Consider a more performant homepage #1640

Open madwort opened 1 year ago

madwort commented 1 year ago

The homepage of this project https://www.opencodelists.org/ currently takes an average of 2.5-3 seconds to load - see honeycomb bubbleup identifying characteristics of slow pages and honeycomb average duration of homepage. This is also the page that freshping frequently requests to verify the site is online. I can see that there are advantages to having a detailed selection of data on the homepage (for instance, to show off to new visitors, and so that freshping also acts as functional test), but it might also be good for regular visitors to find a snappy, responsive site to get to the information they're looking for quicker & to reduce the load required to run freshping.

(nb. I consider 'willnotfix' a valid response to this ticket)

inglesp commented 1 year ago

Thanks. We're not going to get to this anytime soon.

Jongmassey commented 1 month ago

profiling the index view:

>>> import time
>>> start = time.time()
>>> handles = Handle.objects.filter(is_current=True, codelist__is_private=False)
>>> end = time.time()
>>> print(end-start)
0.001859903335571289
>>> start = time.time()
>>> handles = handles.order_by("name")
>>> end = time.time()
>>> print(end-start)
0.0012235641479492188
>>> start = time.time()
>>> codelists = _all_published_codelists(handles)
>>> end = time.time()
>>> print(end-start)
17.353341102600098

it's clear that L32 is the culprit.

Jongmassey commented 1 month ago

Where there is no search query or organisation_slug the index page pulls in all 7384 Handles and then iterates them, finding the codelist for each one

def _all_published_codelists(handles):
    return [
        handle.codelist
        for handle in handles
        if handle.codelist.has_published_versions()
    ]

These 7384 trips to the database are quite slow, especially when only 15 codelists are displayed on the page.

mikerkelly commented 1 month ago

This way of fetching all the data seems like a classic N+1 queries problem. Instead index.py, can probably make the DB access into a constant number of queries with a prefetch_related() call on the handles QuerySet. Something like (untested):

prefetch= Prefetch('versions', queryset=CodelistVersion.objects.filter(status="published")
handles = Handle.objects.filter(
    is_current=True, codelist__is_private=False).prefetch_related(
    'codelist', codelist_versions_prefetch))

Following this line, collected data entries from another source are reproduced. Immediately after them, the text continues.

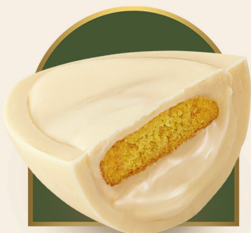
Ovo Metadinha Limão Siciliano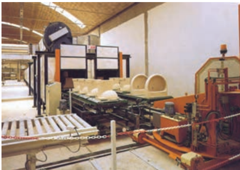
شکل ۳-۵- خشک‌کن مداوم برای چینی بهداشتی

۱-۳-۵ - خشک‌کن‌های عمودی: خشک‌کن‌های عمودی، کانال‌هایی هستند که محصولات سرامیکی در آن‌ها برای خشک شدن، از پایین تا ارتفاع بالا حرکت می‌کنند. به عبارت دیگر، محصولات سرامیکی در داخل محفظه‌ی خشک‌کن به طور قائم به طرف بالا حرکت می‌کنند، سپس به طرف پایین هدایت می‌شوند، و در اثر قرار گرفتن در معرض گرمای ناشی از دمنده‌های هوای داغ، خشک می‌شوند.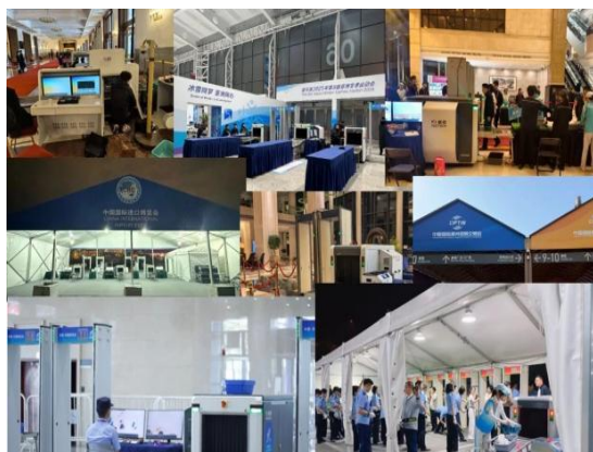
公司公共安全解决方案护航重大活动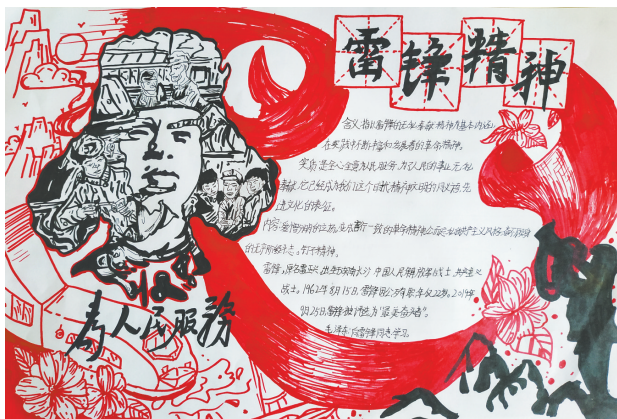
雷锋精神 锦绣小学六(4)班 张晓玉

Hopefully that would make the query much faster.

If that didn't work sufficiently well, we could either fetch less data, or none, if the search term is blank. Having some on the front page is kind of nice to enable a user to immediately click into one and see what the site is about, though. More stats and things would be nice, too... (off topic).

Jongmassey commented 1 month ago

Yes, I was also thinking a prefetch of the related codelists would be a good start. It might be worth also doing the pagination calculation before hitting the db, so we only fetch 15 records at a time

evansd commented 1 month ago

Worth noting that the database in question is SQLite, where the N+1 problem doesn't occur in quite the same way. But yeah, doing less stuff certainly seems like a good idea!

lucyb commented 5 days ago

There's also some more information in the duplicate issue #1857 (now closed).